A.L. : Peut-être votre optimisme vient-il alors rendre raison secondairement de ce que vous ne vous soyez pas retiré du monde.

C’est ce que je viens de vous dire. Il y a une part de moi qui ne se résout pas à mes conclusions philosophiques ; une part de moi qui se dérobe à la pulsion de mort et à cette idée, que je tiens pourtant pour assurée, que la pulsion de mort est cela même qui meut les hommes, qui mène le bal et qui, à la fin des fins, a raison de nous. C’est cette révolte, en moi, contre moi-même qui est, bien évidemment, la clef.

A.L. : J’ai été touchée, dans Ennemis publics, par cet aveu que vous faites : les injustices que vous traquez partout où cela est possible, ces injustices censées garantir par ailleurs l’ordre du monde selon ceux qui les commettent, vous avez la conviction intime que vous pourriez en faire les frais, un jour.

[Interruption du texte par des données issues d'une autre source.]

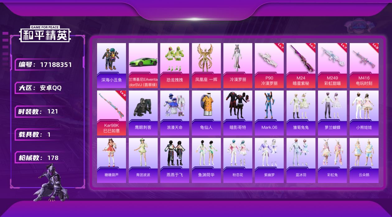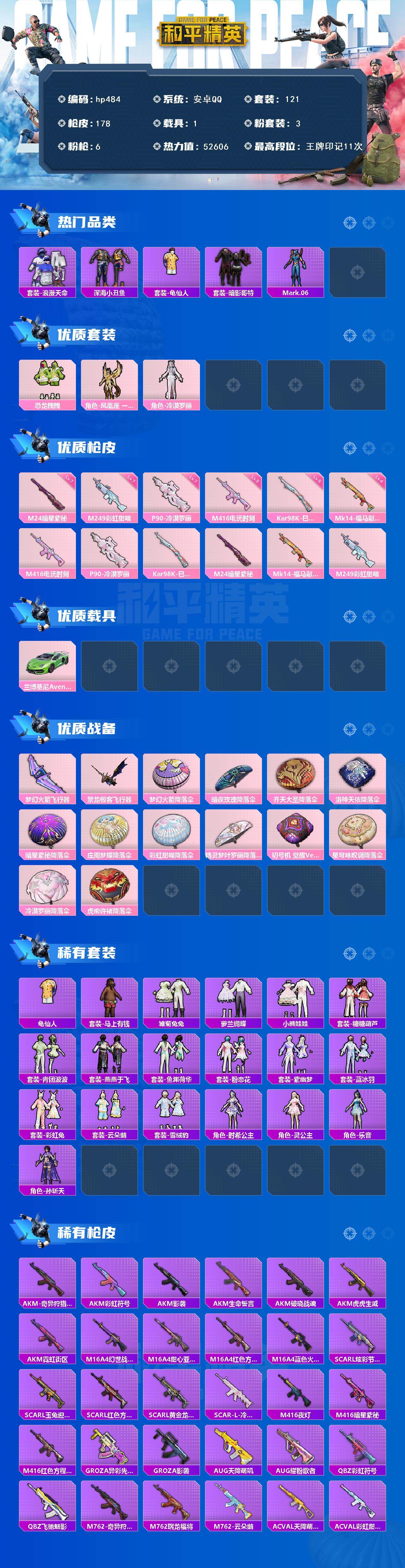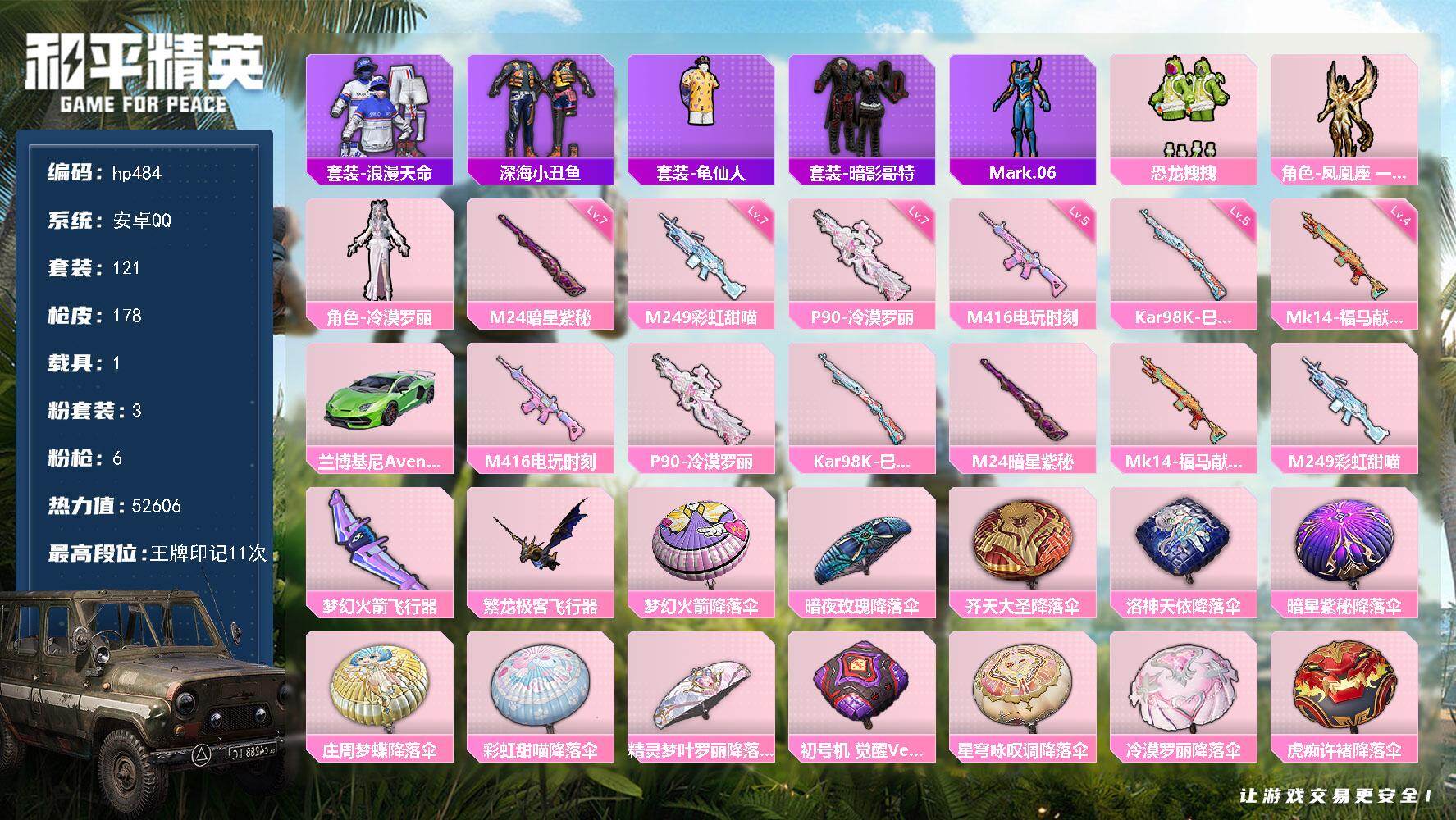 [17188351]安卓 手Q-3粉装-6特效枪-1载具-2粉色飞行器-52606热力值-11王牌印记-121套装-178枪皮 【热门品类】:套装-浪漫天命,套装-深海小丑鱼,套装-龟仙人,套装-暗影哥特,角色-Mark.06 【粉色套装】:粉装-恐龙拽拽,角色-凤凰座 一辉,角色-冷漠罗丽 【粉色枪皮等级】:M416-电玩时刻(五级),P90-冷漠罗丽(七级),Kar98K-巳巳如意(五级),M24-暗星紫秘(七级),Mk14-福马献瑞(四级),M249-彩虹甜喵(七级) 【粉色载具】:兰博基尼Aventador SVJ(翡翠绿) 【粉色枪皮】:M416-电玩时刻,P90-冷漠罗丽,Kar98K-巳巳如意,M24-暗星紫秘,Mk14-福马献瑞,M249-彩虹甜喵 【粉色飞行器】:梦幻火箭飞行器,繁龙极客飞行器 【粉色降落伞】:梦幻火箭降落伞,暗夜玫瑰降落伞,齐天大圣降落伞,洛神天依降落伞,暗星紫秘降落伞,庄周梦蝶降落伞,彩虹甜喵降落伞,精灵梦叶罗丽降落伞,初号机 觉醒Ver.降落伞,星穹咏叹调降落伞,冷漠罗丽降落伞,虎痴许褚降落伞 【稀有套装】:套装-龟仙人,套装-马上有钱,套装-雏菊兔兔,套装-萝兰蝴蝶,套装-小熊娃娃,套装-糖糖葫芦,套装-青团波波,套装-燕燕于飞,套装-鱼渊荷华,套装-粉恋花,套装-紫幽梦,套装-蓝冰羽,套装-彩虹兔,套装-云朵鹅,套装-雪绒豹,角色-时希公主,角色-灵公主,角色-乐音,角色-孙斩天 【稀有枪皮】:AKM-奇异狩猎者,AKM-彩虹符号,AKM-影袭,AKM-生命誓言,AKM-破晓战魂,AKM-虎虎生威,AKM-霓虹街区,M16A4-幻世战舞者,M16A4-甜心亚梦,M16A4-红色方程式,M16A4-蓝色火焰,SCAR-L-炫彩节奏,SCAR-L-玉兔迎春,SCAR-L-红色方程式,SCAR-L-黄金龙骨,SCAR-L-冷漠罗丽,M416-夜灯,M416-暗星紫秘,M416-红色方程式,GROZA-异彩先驱,GROZA-影袭,AUG-天降萌叽,AUG-耀粉歌者,QBZ-彩虹符号,QBZ-飞驰魅影,M762-奇异狩猎者,M762-瑞龙福将,M762-云朵鹅,AC-VAL-天降萌叽,AC-VAL-彩虹甜喵,AC-VAL-甜心亚梦,蜜獾-天降萌叽,蜜獾-娇憨猪猪,UZI-天降萌叽,UZI-娇憨猪猪,UZI-影袭,UZI-炫彩节奏,UZI-红色方程式,

Ce n’est pas la même chose. Il y a « les » injustices en effet qui m’occupent depuis toujours et que j’essaie de combattre sans relâche. Et puis il y a mon petit cas personnel et l’outrage dont je pourrais, un jour, être éventuellement l’objet. Les deux, je m’empresse de le préciser, ne sont en rien comparables… Cela étant dit, regardez. Je prends un exemple. Un seul. A l’heure même où nous parlons, et depuis déjà plusieurs jours, circule, dans un grand magazine, très important, très lu, Le Nouvel Observateur, un article contre moi qui est d’une vulgarité et d’une violence rares et qui est signé Delfeil de Ton. Or, ce qui est intéressant c’est que je ne vois ni n’entends aucune espèce de réaction. Le même article sur n’importe qui d’autre aurait laissé les gens abasourdis. Là, rien. Tout le monde a l’air de trouver ça normal. Que je sois ainsi traîné dans la boue, diffamé, injurié, que l’on demande ni plus ni moins que de me voir réduit au silence, cela n’a l’air de gêner personne. C’est ça que je veux dire quand je dis à Houellebecq que si, ce qu’à Dieu ne plaise, un tort de grande ampleur venait à m’être fait, cela laisserait froids la plupart des gens qui m’entourent… J’ajoute que, lorsque je dis cela, lorsque je prends acte de cette insistance à écrire sur mon compte des choses extraordinairement blessantes et que l’on n’écrit sur personne d’autre et lorsque, avec Houellebecq justement, j’intitule un livre Ennemis publics, il se produit cette chose, pour le coup, assez comique : les gens deviennent très énervés, presque enragés – « non mais, ça va pas la tête ! de quoi parle-t-il ? ennemi quoi ? ennemi de qui ? comment ose-t-il ? » etc.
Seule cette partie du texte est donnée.